A solar power station in China.

Policymakers in some of the world’s largest economies are reducing support for solar power generation. Even so, Goldman Sachs Research expects rapid growth in the sector, with global solar installations set to rise to 914 Gigawatts (Gw) in 2030, 57% above 2024 levels.

Compared to other sources of power, “the rise in solar generation is the fastest in the history of electricity,” says Daan Struyven, co-head of global commodities research at Goldman Sachs Research. Solar generation has reached 2,129 Terawatt-hours (Twh) in 11 years since taking off, and it has driven 8% of global power generation over the 12 months leading to July 2025.

While the US and China have reduced support for the sector, solar energy is still likely to meet a high share of global energy demand in the long run.

The challenges of solar power

The solar industry can run into mismatches between demand and supply, as when excess energy fed into the grid causes wholesale power prices to turn negative—a phenomenon common in Australia and California. When solar energy, together with wind energy, forms a high share of power generation in a grid, any excess swings in power frequency can lead to blackouts, as seen in Spain and Portugal this past April.

Recent government policies also pose new challenges to the industry.

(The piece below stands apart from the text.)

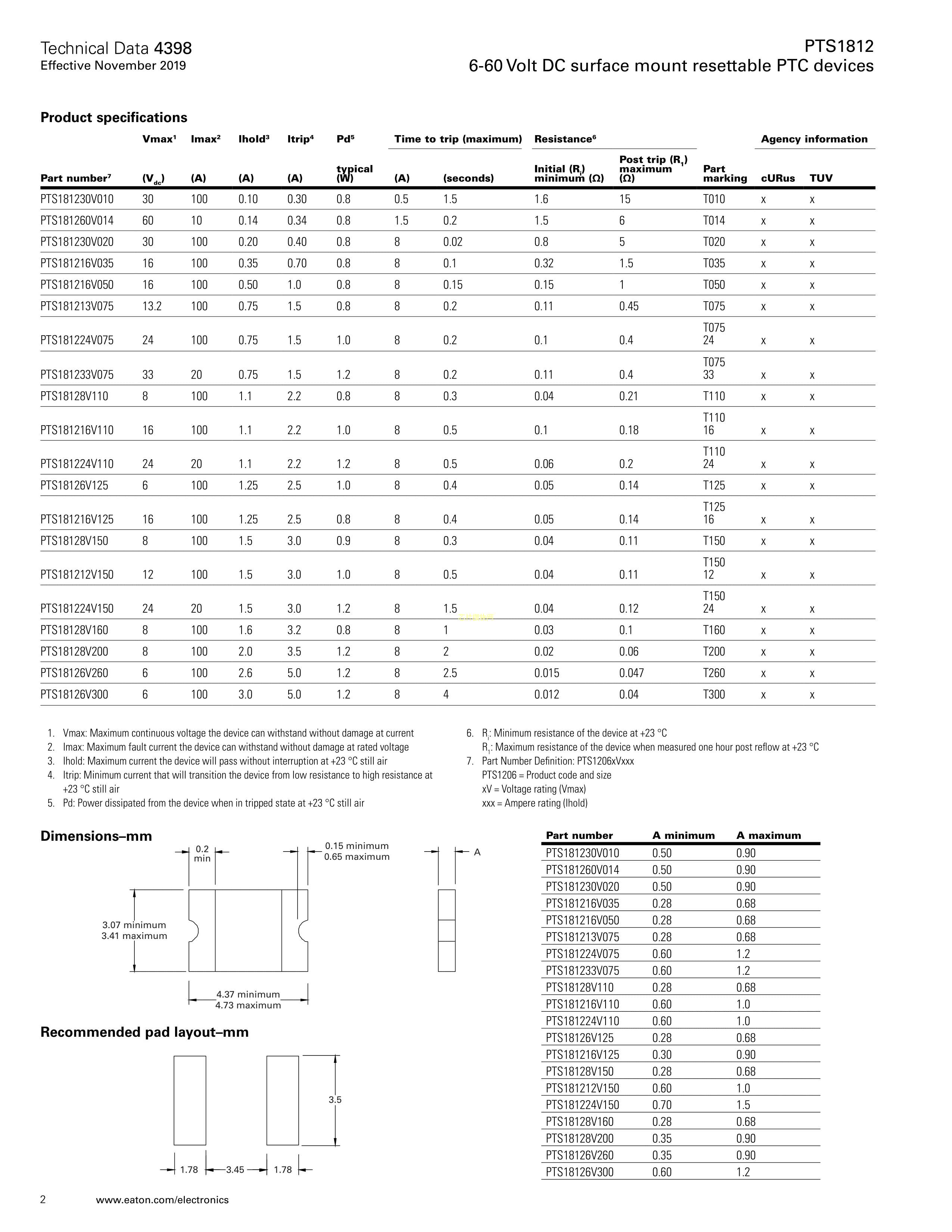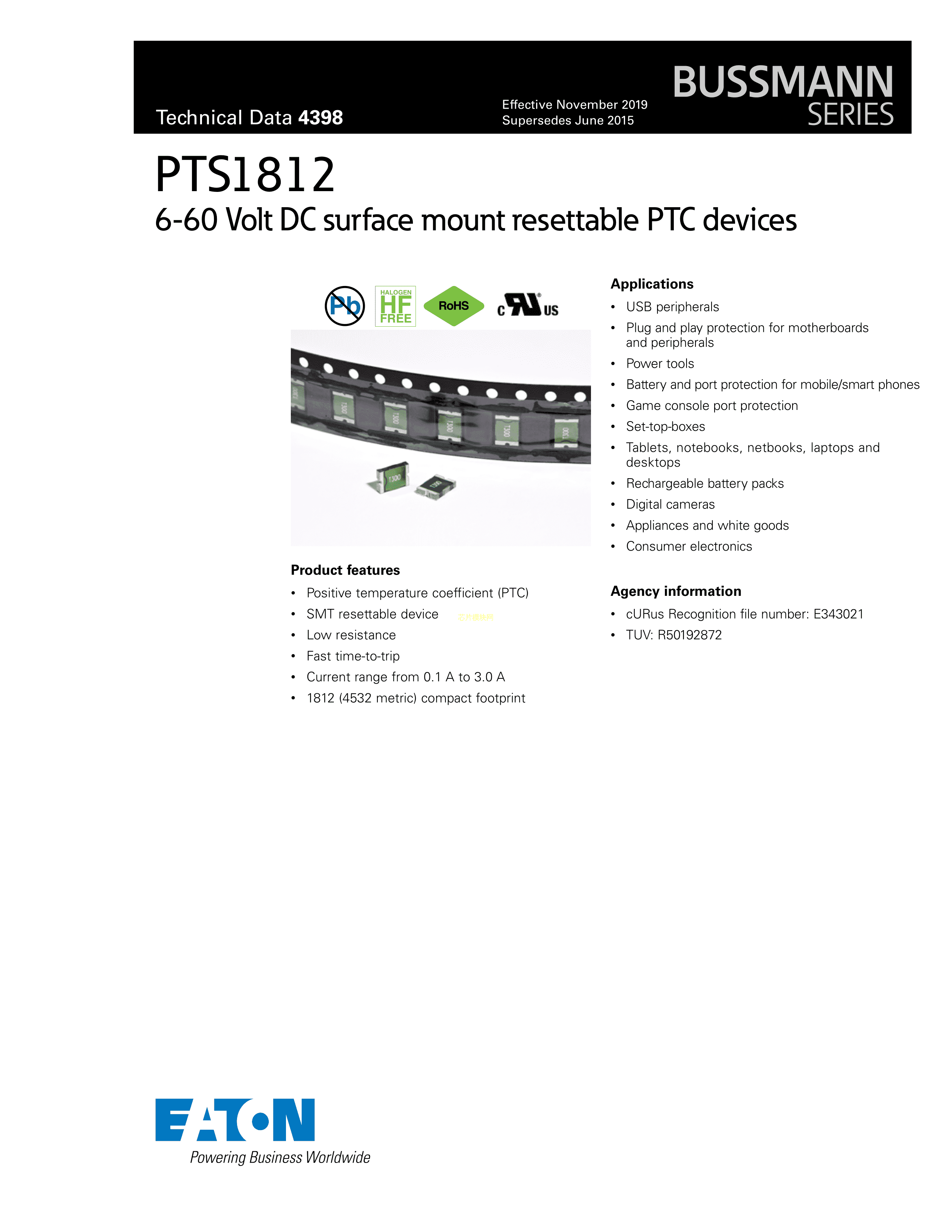 PTS18126V260数据手册1812封装EATON(伊顿)PDF规格书,中英文下载

China has removed grid access for all new large-scale commercial and industrial solar projects. New Chinese renewable power projects are also not guaranteed minimum purchase prices or grid volumes anymore.

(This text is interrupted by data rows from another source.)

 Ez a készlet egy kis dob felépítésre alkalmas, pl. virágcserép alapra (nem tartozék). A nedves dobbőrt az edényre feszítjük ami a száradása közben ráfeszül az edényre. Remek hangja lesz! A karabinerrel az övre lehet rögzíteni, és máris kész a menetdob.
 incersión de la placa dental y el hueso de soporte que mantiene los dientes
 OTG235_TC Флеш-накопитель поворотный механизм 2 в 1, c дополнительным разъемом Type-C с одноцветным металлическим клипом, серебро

Struyven adds that, in the US, his team doesn’t expect the diminishment of policy support “to significantly weigh on solar power developments until 2030, because most projects have or will benefit from the safe harbor provision to qualify for tax credits ahead of the mid-2026 deadline.” That said, Struyven writes, “the federal government's ongoing review of the implementation rules poses downside risk to solar installations from 2028.”

The drivers of the solar energy boom

Despite these challenges, Struyven’s team identifies three structural factors that are likely to sustain a rapid growth in the solar sector.

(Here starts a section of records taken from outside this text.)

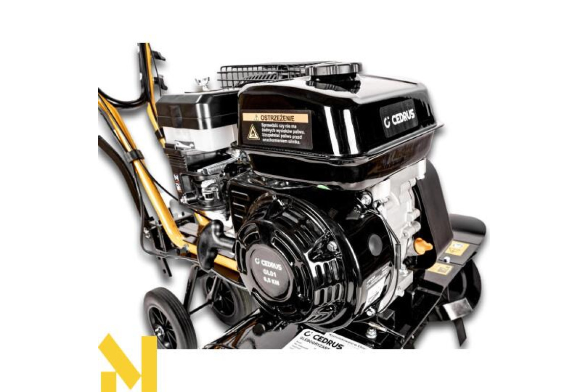 Мотокультиватор Cedrus GL01 (LC) з двигуном Loncin є ідеальною машиною для будь-якого користувача, якому потрібний універсальний пристрій. Надійний румпель з міцними ножами не тільки оброблятиме грунт, але й допомагатиме орати або копати картоплю з додатковими насадками. Крім того, регульована ширина робочої системи ротаційного культиватора дозволить використовувати ротаційний культиватор в міжрядах різної ширини.Універсальний поворотний культиватор оснащений потужним чотиритактним двигуном Loncin 6,5 к.с. з верхньою конструкцією OHV потужністю 196 см3. Ротаційний культиватор має робочі ножі з високоякісної сталі, що гарантує тривалу та безпроблемну експлуатацію борони Cedrus. Завдяки транспортним колесам у наборі, переміщення румпеля легко та без зусиль.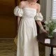 Korean Chic Pure Color Puff Sleeve Dress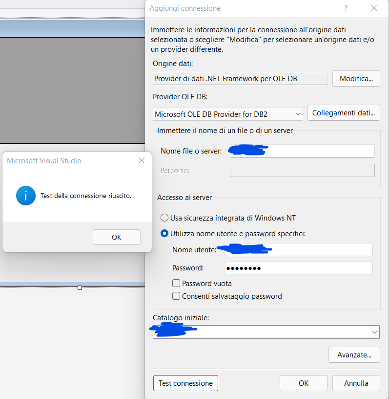 Per esempio, può essere richiesto che il campo “APPC Mode Name” altro parametro può essere il “Default Schema” con il quale viene indicato il nome dello schema per accedere alla tabella, fornito dal DBA, invece probabile che il parametro “Defer Prepare” vada impostato a “True”, impostare il campo “Network Address” con il nome del server dove si trova il database, indicando eventualmente anche la porta, impostare il parametro “Package Collection” con il valore che viene indicato dal DBA, impostare anche il campo “Data Source” e “Initial Catalog” con i dati forniti dal DBA relativo al nome Database, confermiamo il tutto con il pulsante “OK”. A questo punto facciamo click sul pulsante “Test Connessione” per verificare la correttezza del collegamento, il tutto come mostrato in figura 3.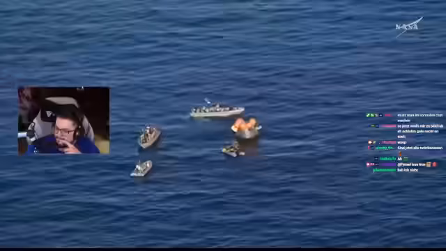 12:20:05Nach der erfolgreichen Wasserlandung konzentriert sich der Stream auf die komplizierte Bergungsoperation. Eine aufblasbare Plattform, der sogenannte 'Front Porch', wird an der Kapsel angebracht, um den sicher Ausstieg der Astronauten zu ermöglichen. Der Prozess dauert länger als erwartet, da die Seebedingungen den Vorgang erschweren. Nachdem die Plattform stabilisiert ist, beginnen die Astronauten mit dem Ausstieg. Der Streamer kommentiert jeden einzelnen Ausstieg als historischen Moment und freut sich, diesen gemeinsam mit der Community erleben zu dürfen, die mit ihm 13 Stunden am Stück im Stream war.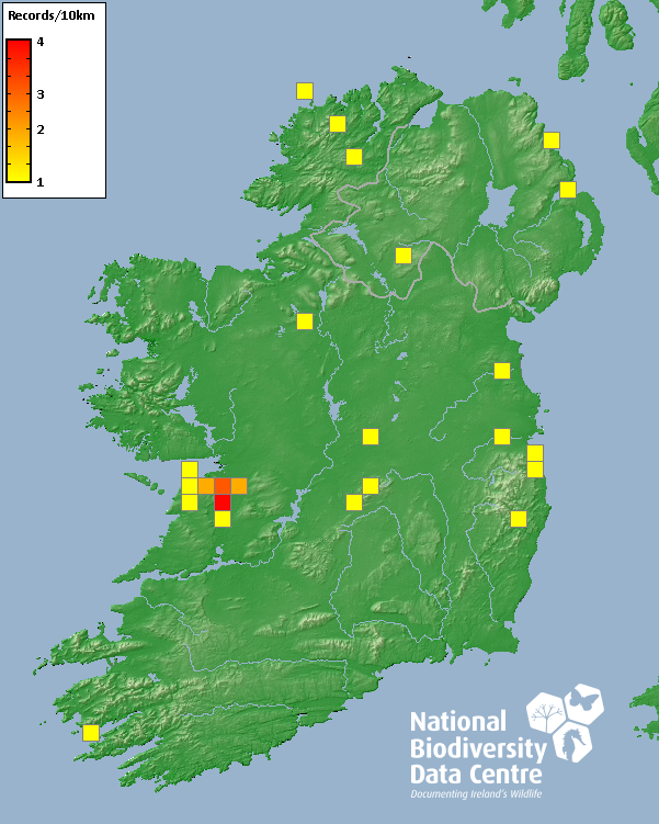 Distribution of the number of records recorded within each 10km grid square (ITM).Marine Map - 50km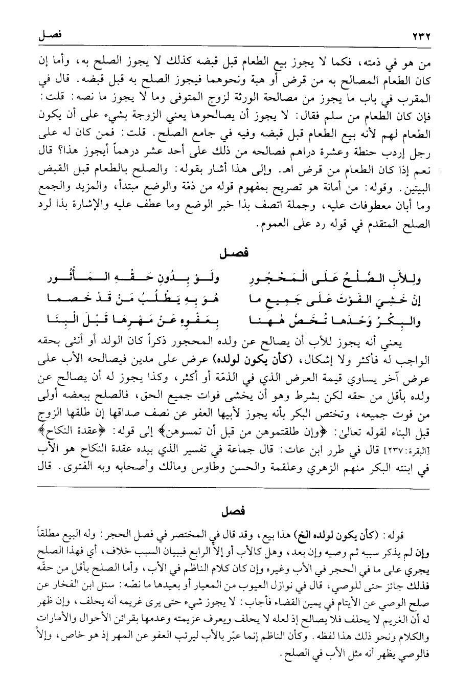 فصل وللأب الصلح على المحجور ولو بدون حقه المأثور إن خشي الفوت على جميع ما هو به يطلب من قد خصما والبكر وحدها تخص هاهنا بعفوه عن مهرها قبل البنا يعني أنه يجوز للأب أن يصالح عن ولده المحجور ذكرا كان الولد أو أنثى بحقه الواجب له فأكثر ولا إشكال كأن يكون لولده عرض على مدين فيصالحه الأب على عرض آخر يساوي قيمة العرض الذي في الذمة أو أكثر وكذا يجوز له أن يصالح عن ولده بأقل من حقه لكن بشرط وهو أن يخشى فوات جميع الحق فالصلح ببعضه أولى من فوت جميعه وتختص البكر بأنه يجوز لأبيها العفو عن نصف صداقها إن طلقها الزوج قبل البناء لقوله تعالى وإن طلقتموهن من قبل أن تمسوهن إلى قوله عقدة النكاح قال في طرر ابن عات قال جماعة في تفسير الذي بيده عقدة النكاح هو الأب في ابنته البكر منهم الزهري وعلقمة والحسن وطاوس ومالك وأصحابه وبه الفتوى قال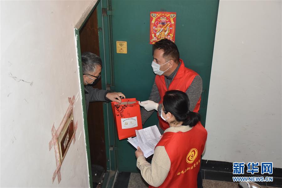 3月6日,哈米(中)向一名外籍住户发送防疫物资。新华社记者 郑梦雨 摄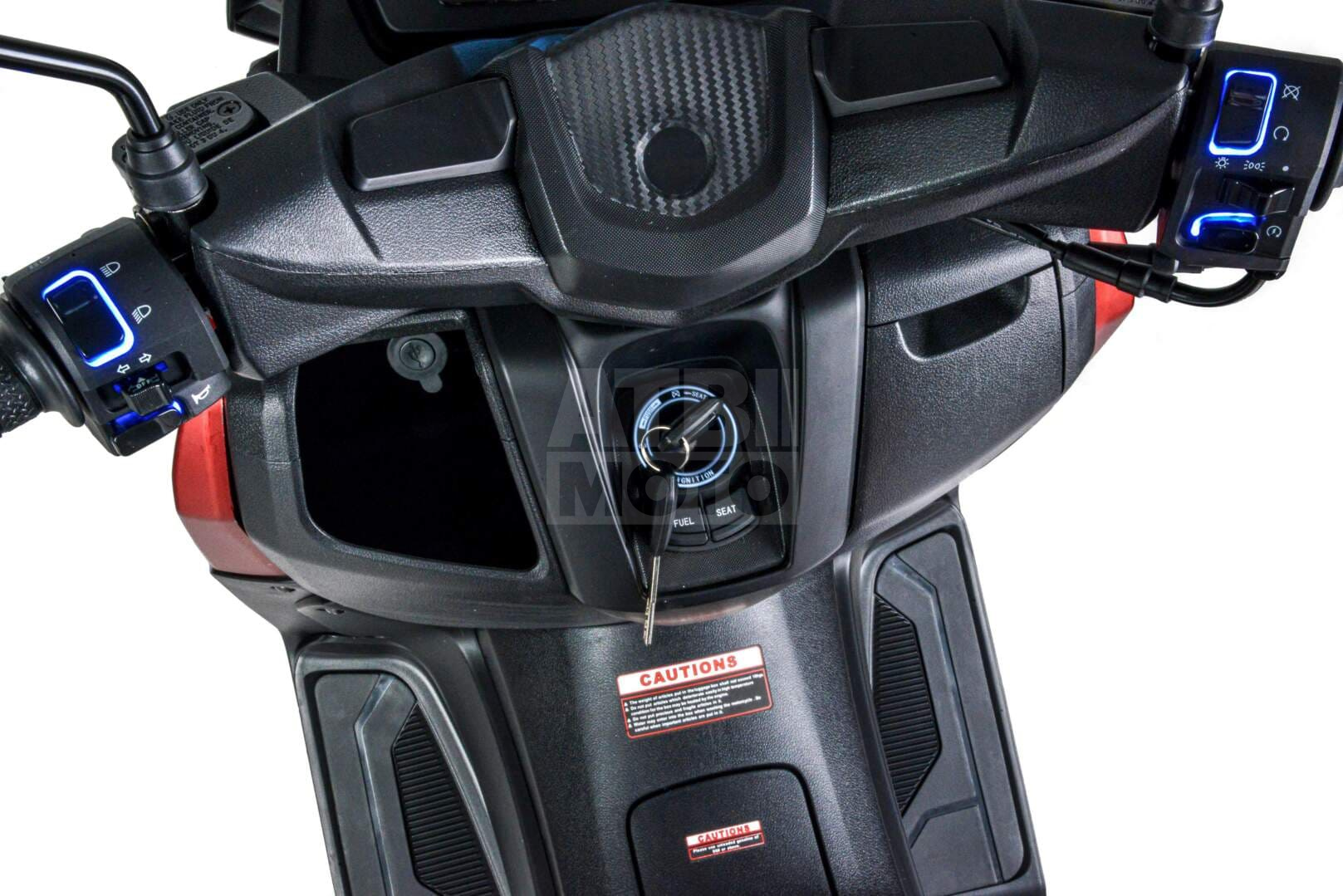 Открывающееся сиденье и багажник с кнопочным механизмом — Удобный доступ к хранению личных вещей, что делает скутер еще более практичным.

First, the cost of solar panels drops fast as the industry makes more of them. Our analysts estimate that costs tend to fall 20% if cumulative output doubles, with a positive feedback loop from lower costs to higher demand, higher supply, and again lower costs. “The investment costs have fallen faster for panels than for any other investment good in modern history, including computers and communication equipment,” Struyven writes.

Second, solar energy’s marginal fuel costs are zero, meaning that it costs nothing to produce every additional unit of electricity beyond the original cost of installing the panels and the ongoing cost of maintaining them.

Third, solar panels are modular: They come in small sizes available at constant fixed prices, making it easier to create a decentralized grid. In contrast, thermal or nuclear power stations are usually large with high fixed costs.

Bottlenecks in solar panel supply are unlikely, in part because there is plenty of excess capacity in the sector, with China’s production potential alone covering 200% of global demand in 2024. “Any slowing in solar growth is likely to come from reduced policy support and from power supply volatility rather than from solar panel supply bottlenecks,” says Struyven.